Of course, it would be great if Obokata’s results turn out to be true but for so many practical and clinical reasons, it is still unlikely to be the case. Plainly, it makes little sense, just as unicorns or mermaids do, but that is my opinion. The arguments supporting the results, for example that similar things have been observed before, are not viable at closer inspection. One of the arguments, as mentioned repeatedly, is the publication by Hans Clevers’ lab in Cell. However, this study is about differentiated stomach epithelial cells turning into stomach epithelial stem cells. This phenomenon of differentiated cells reverting to their respective, tissue-specific somatic stem cells is known as de-differentiation and was also described for other tissues, e.g. brain and lung. It’s indeed a very interesting phenomenon but it is biologically perfectly reasonable, under conditions where endogenous somatic stem cells are defective or insufficient to repair damage. Most importantly, it has nothing to do with induced pluripotency or totipotency.

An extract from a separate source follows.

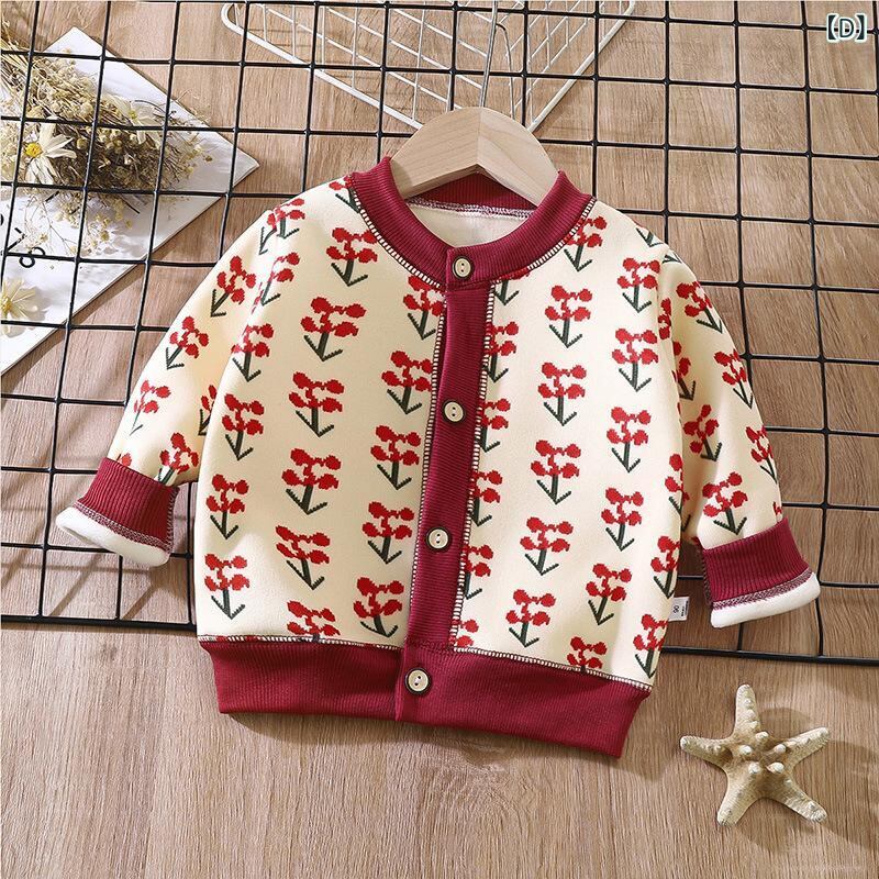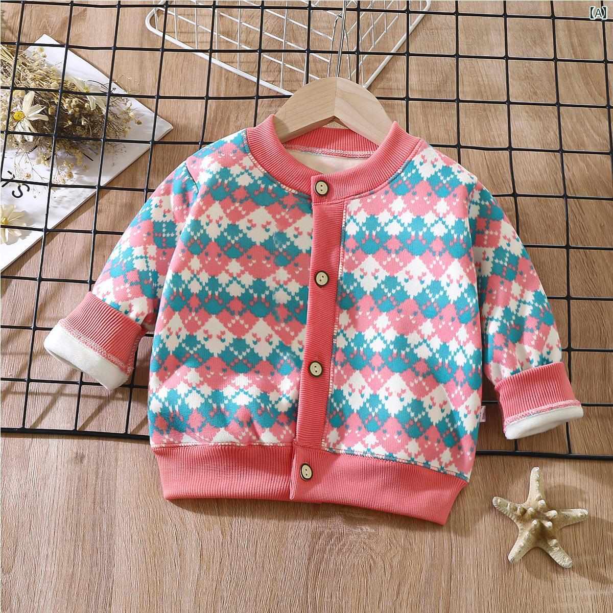 子供服 ニットカーディガン 男女兼用 ベビー服 格子柄 長袖 アウター 厚手 ポリエステル あったか 保温 柔らかい 秋冬 ピンク系

Organisms like newts and especially axolotls are indeed capable of de-differentiation and limb re-growth, but there are still no signs of pluripotency here. Instead, what is thought to happen is that differentiated cells revert to their respective tissue-specific stem cell state and regenerate the lost tissue. Some degree of trans-differentiation among closely related tissues (i.e. of the same germ layer) is also likely, yet it is no proof for Charles Vacanti’s claims. Indeed, all research so far showed that in order to achieve trans-differentiation between germ layers or pluripotent reprogramming, massive changes in enforced gene expression are necessary. And if somatic cells are thus forced to reprogram to pluripotency in vivo, they immediately form teratomas.
The method, by which STAP cells were generated, is even less scientifically comprehensible than the suggestion for them to occur naturally. It very well may be that short-term stresses can temporarily change cell shape and gene expression patterns, yet no one in the history of biology has ever observed anything of a STAP scale. Basically, STAP discovery came out of the blue; defying all logic and understanding, just like a mermaid riding a unicorn, and the scientists are left to make up their minds about it. Of course, nothing is theoretically impossible and Douglas Adams did suggest running a spaceship on an infinite improbability drive. Therefore, with every passing day without reproducibility, the probability of the existence of STAP cells dwindles towards that of nuclear missiles turning into bowls of petunias and sperm whales. Don’t panic.